ONTARIO — The last couple of days have been pretty shitty for the livestock around here. The animals have been whispering about the fires that killed 1,500 turkeys in Aurora and 65 cows in Stayner.


This image is a dramatization.

You’ve probably never heard of Stayner or Aurora, but the name of the town shouldn’t matter. If 1,500 turkeys died in a fire in Toronto, it wouldn’t be any less tragic than 1,500 turkeys dying in Bumfucksville.

The two towns are 60 miles apart, and there’s no reason to believe that the fires were related, but how could they NOT be? First of all, they were both fires. That’s a pretty big relation.

Secondly, the two fires occurred within 24 hours of each other. That’s more than enough time for some crazy PETA member to light a fire, travel 60 miles, and then light another fire.

I can picture their hypocritical arsonist face right now: “I’d rather see these cows and turkeys BURN than have them milked to death and slaughtered for Christmas!
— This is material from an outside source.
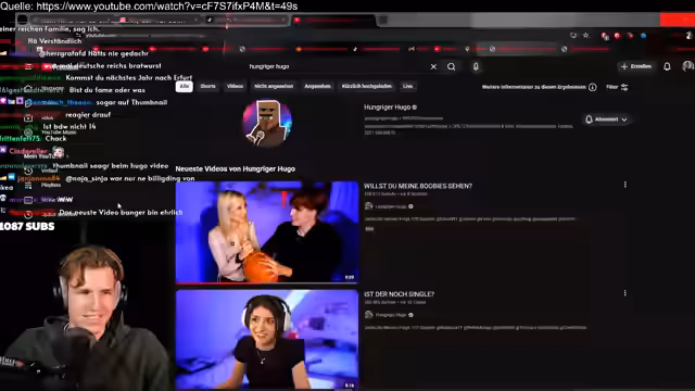00:44:31Nachdem die inhaltliche Diskussion stockt, fokussiert sich der Stream auf die Analyse der medialen Wirkung des Streamers. Es wird ein Clip des sogenannten 'Hunger-Hugo'-Videos besprochen, in dem der Streamer prominent auftritt und in den Kommentaren stark im Mittelpunkt steht. Der Streamer selbst reflektiert seinen anerkannten 'Fame'-Status, kritisiert aber gleichzeitig die damit einhergehende negative Aufmerksamkeit und seinen bevorstehenden 'Downfall' im Kontext eigener Inhalte.

FREEDOMMMMM!”

As the stupid PETA arsonist tossed the torch into the second barn, an ember fell onto his filthy hippy dreadlocks and instantly engulfed his head in flames. He burned to death among the livestock and that’s why there was no evidence of arson found.

Well, at least the evil PETA extremist that most likely caused all this carnage is dead and can’t harm another asparagus again, but that doesn’t make this story any less sad.

You’re probably thinking, “Since the turkeys and cows were cooked in a fire, can’t you just cut them up and eat them, or sell them to McDonald’s?”

Unfortunately, it doesn’t work that way. You can’t just toss a living animal into a blazing inferno and then eat its blackened body. These are civilzed times… kind of.

Rest in peace fellow fallen fowls and crispy cows.